• [Aim of the task] The line with "啟動儀式上,中共山東省委宣傳" marks the first line to copy, and the line with "전북 현대와 성남 일화의" marks the last. Transcribe that stretch of the data below exactly, without pictures.

• [Supplied records]
◇ ◇ ◇ ◇ ◇ ◇ ◇

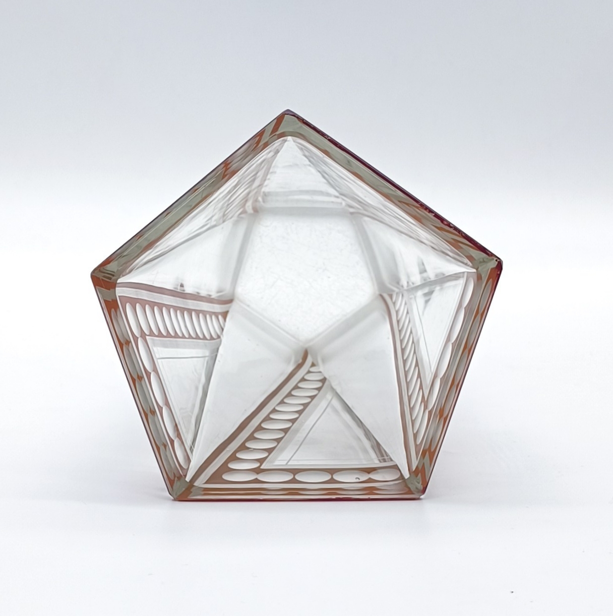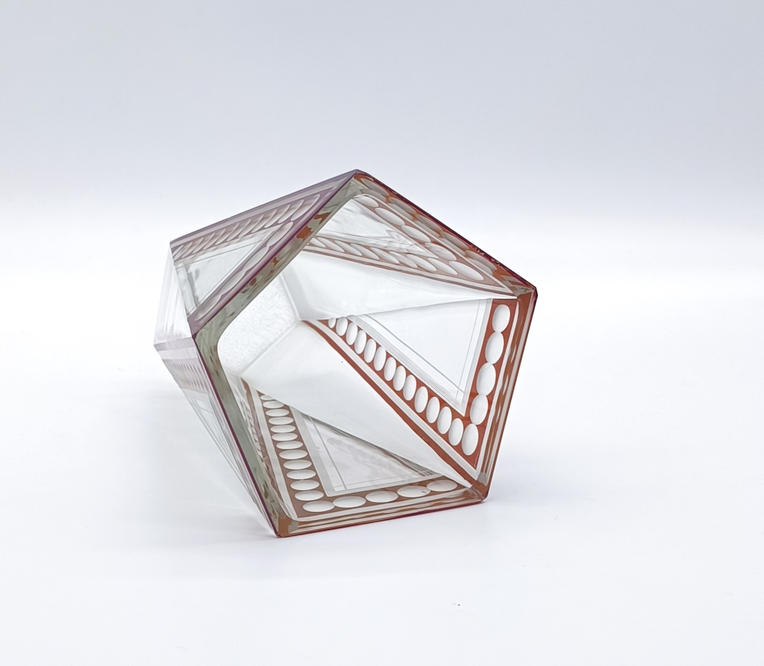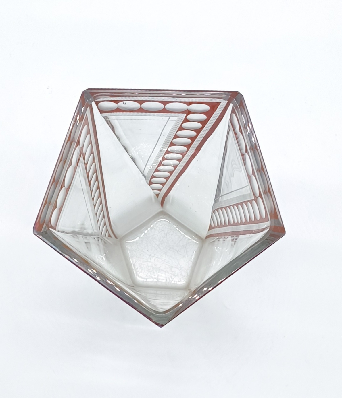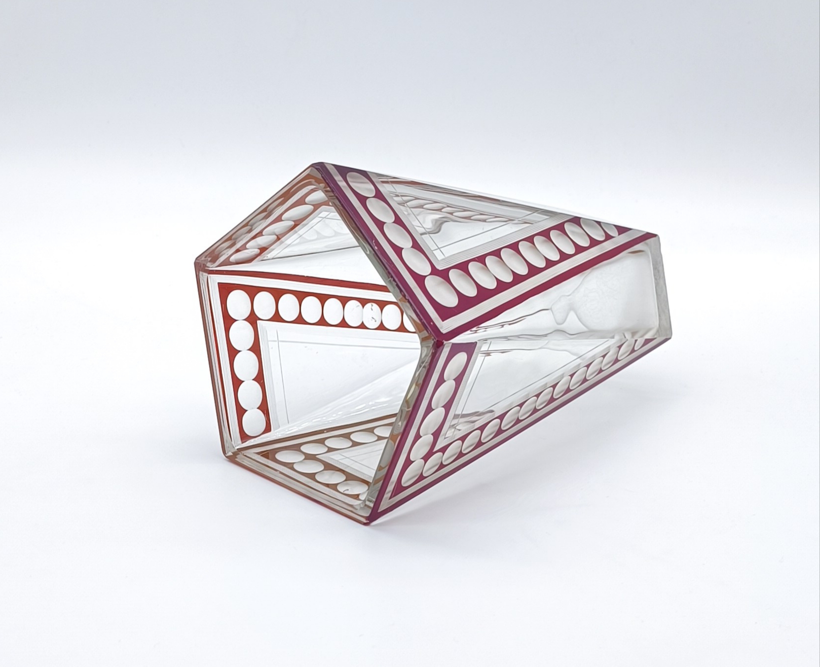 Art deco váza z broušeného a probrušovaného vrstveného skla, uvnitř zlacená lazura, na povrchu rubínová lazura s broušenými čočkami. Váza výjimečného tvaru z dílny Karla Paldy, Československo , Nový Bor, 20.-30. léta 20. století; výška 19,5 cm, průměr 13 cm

◇ ◇ ◇ ◇ ◇ ◇ ◇

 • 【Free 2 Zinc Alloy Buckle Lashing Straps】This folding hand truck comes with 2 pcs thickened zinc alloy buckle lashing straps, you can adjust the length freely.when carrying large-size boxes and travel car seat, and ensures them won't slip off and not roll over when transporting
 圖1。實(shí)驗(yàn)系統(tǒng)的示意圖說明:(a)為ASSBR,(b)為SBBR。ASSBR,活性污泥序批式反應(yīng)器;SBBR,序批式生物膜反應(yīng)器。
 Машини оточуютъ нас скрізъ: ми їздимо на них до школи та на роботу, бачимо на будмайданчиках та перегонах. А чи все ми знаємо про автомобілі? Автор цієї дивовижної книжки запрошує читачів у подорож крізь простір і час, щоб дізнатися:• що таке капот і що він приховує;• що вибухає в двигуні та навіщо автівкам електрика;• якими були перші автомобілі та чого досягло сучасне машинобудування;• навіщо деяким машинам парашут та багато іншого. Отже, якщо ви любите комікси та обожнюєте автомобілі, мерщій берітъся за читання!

◇ ◇ ◇ ◇ ◇ ◇ ◇

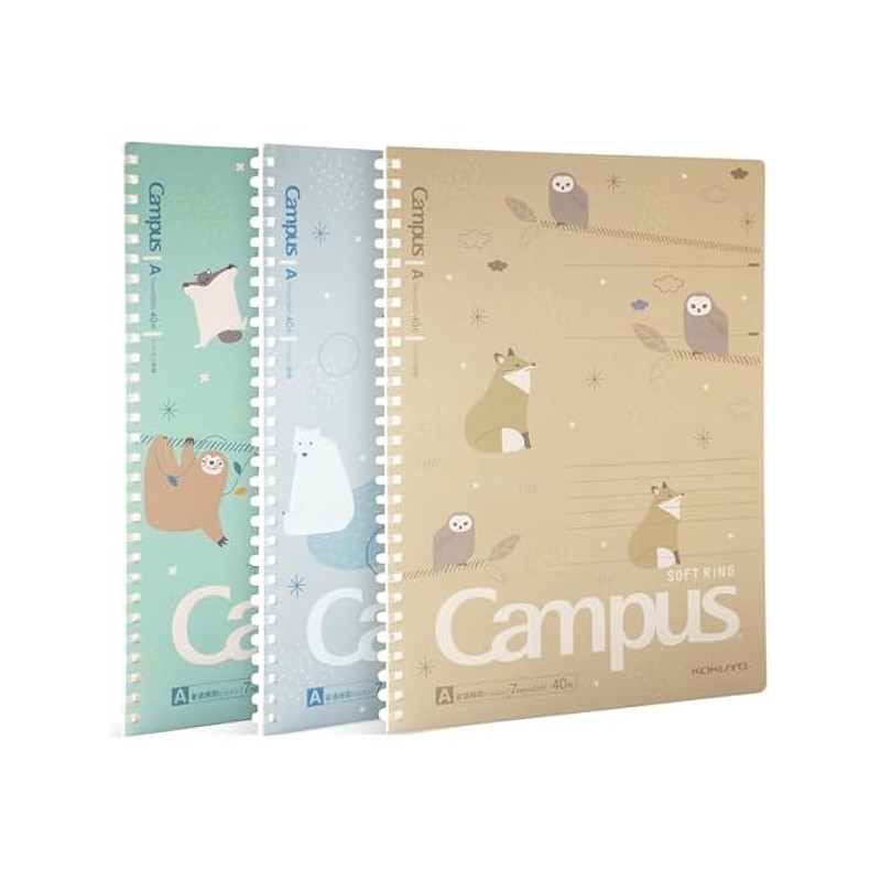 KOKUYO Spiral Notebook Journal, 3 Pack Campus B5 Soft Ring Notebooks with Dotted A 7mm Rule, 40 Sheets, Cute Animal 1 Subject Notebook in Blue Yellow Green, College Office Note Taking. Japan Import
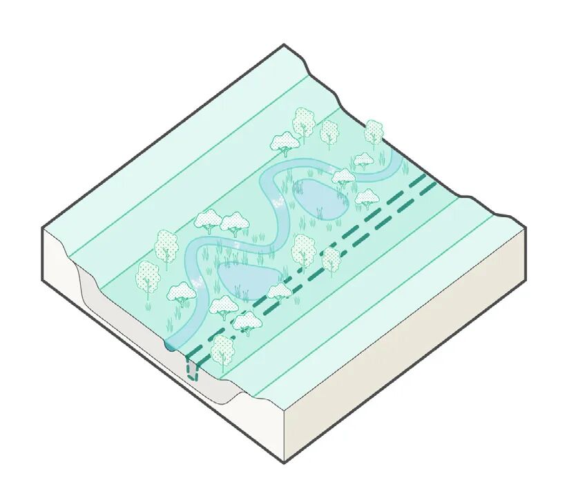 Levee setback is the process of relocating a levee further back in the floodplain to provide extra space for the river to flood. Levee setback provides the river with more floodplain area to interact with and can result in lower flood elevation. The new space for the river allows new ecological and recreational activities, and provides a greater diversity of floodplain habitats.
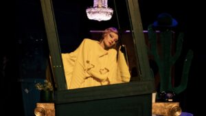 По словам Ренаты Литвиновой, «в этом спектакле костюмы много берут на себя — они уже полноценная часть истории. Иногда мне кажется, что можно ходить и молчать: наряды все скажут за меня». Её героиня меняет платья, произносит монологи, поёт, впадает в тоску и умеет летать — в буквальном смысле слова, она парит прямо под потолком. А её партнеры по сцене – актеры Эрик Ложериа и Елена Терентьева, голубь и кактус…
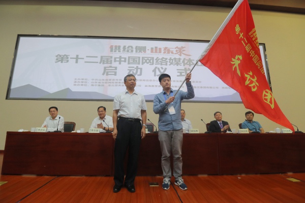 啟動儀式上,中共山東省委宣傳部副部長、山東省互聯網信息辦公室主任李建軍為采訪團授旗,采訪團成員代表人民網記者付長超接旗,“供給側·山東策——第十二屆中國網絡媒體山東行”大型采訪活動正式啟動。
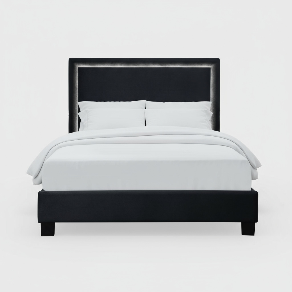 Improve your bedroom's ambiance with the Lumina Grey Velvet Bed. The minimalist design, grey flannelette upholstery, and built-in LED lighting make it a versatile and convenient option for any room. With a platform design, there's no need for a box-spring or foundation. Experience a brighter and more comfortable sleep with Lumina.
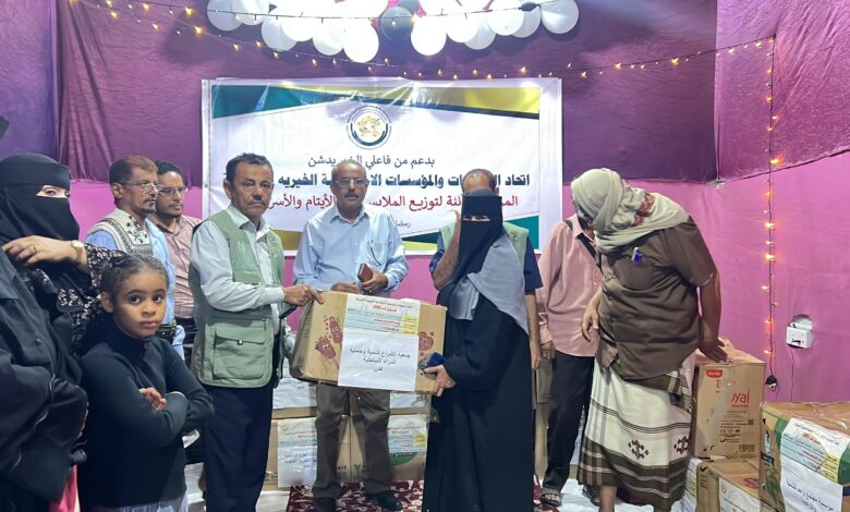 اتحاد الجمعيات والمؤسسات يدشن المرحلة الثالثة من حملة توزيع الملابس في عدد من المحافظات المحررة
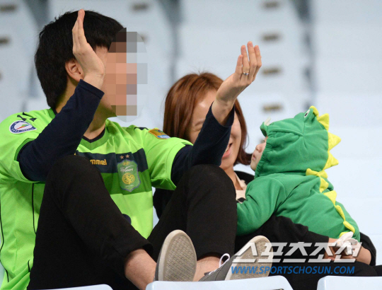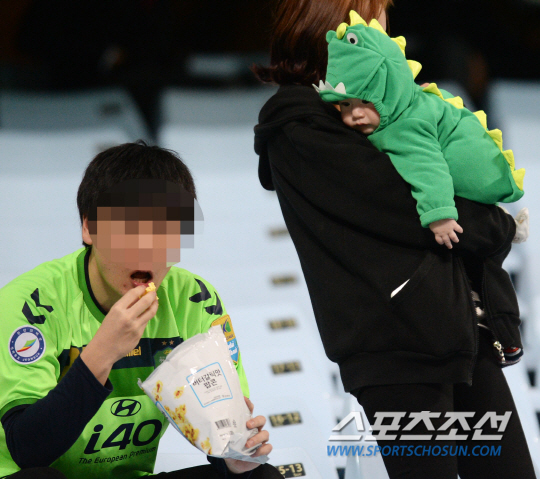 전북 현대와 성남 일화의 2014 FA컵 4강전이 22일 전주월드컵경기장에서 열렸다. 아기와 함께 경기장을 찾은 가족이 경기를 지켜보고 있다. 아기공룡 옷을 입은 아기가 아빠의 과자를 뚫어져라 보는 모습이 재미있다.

◇ ◇ ◇ ◇ ◇ ◇ ◇

• [Solution]
 啟動儀式上,中共山東省委宣傳部副部長、山東省互聯網信息辦公室主任李建軍為采訪團授旗,采訪團成員代表人民網記者付長超接旗,“供給側·山東策——第十二屆中國網絡媒體山東行”大型采訪活動正式啟動。
 Improve your bedroom's ambiance with the Lumina Grey Velvet Bed. The minimalist design, grey flannelette upholstery, and built-in LED lighting make it a versatile and convenient option for any room. With a platform design, there's no need for a box-spring or foundation. Experience a brighter and more comfortable sleep with Lumina.
 اتحاد الجمعيات والمؤسسات يدشن المرحلة الثالثة من حملة توزيع الملابس في عدد من المحافظات المحررة
 전북 현대와 성남 일화의 2014 FA컵 4강전이 22일 전주월드컵경기장에서 열렸다. 아기와 함께 경기장을 찾은 가족이 경기를 지켜보고 있다. 아기공룡 옷을 입은 아기가 아빠의 과자를 뚫어져라 보는 모습이 재미있다.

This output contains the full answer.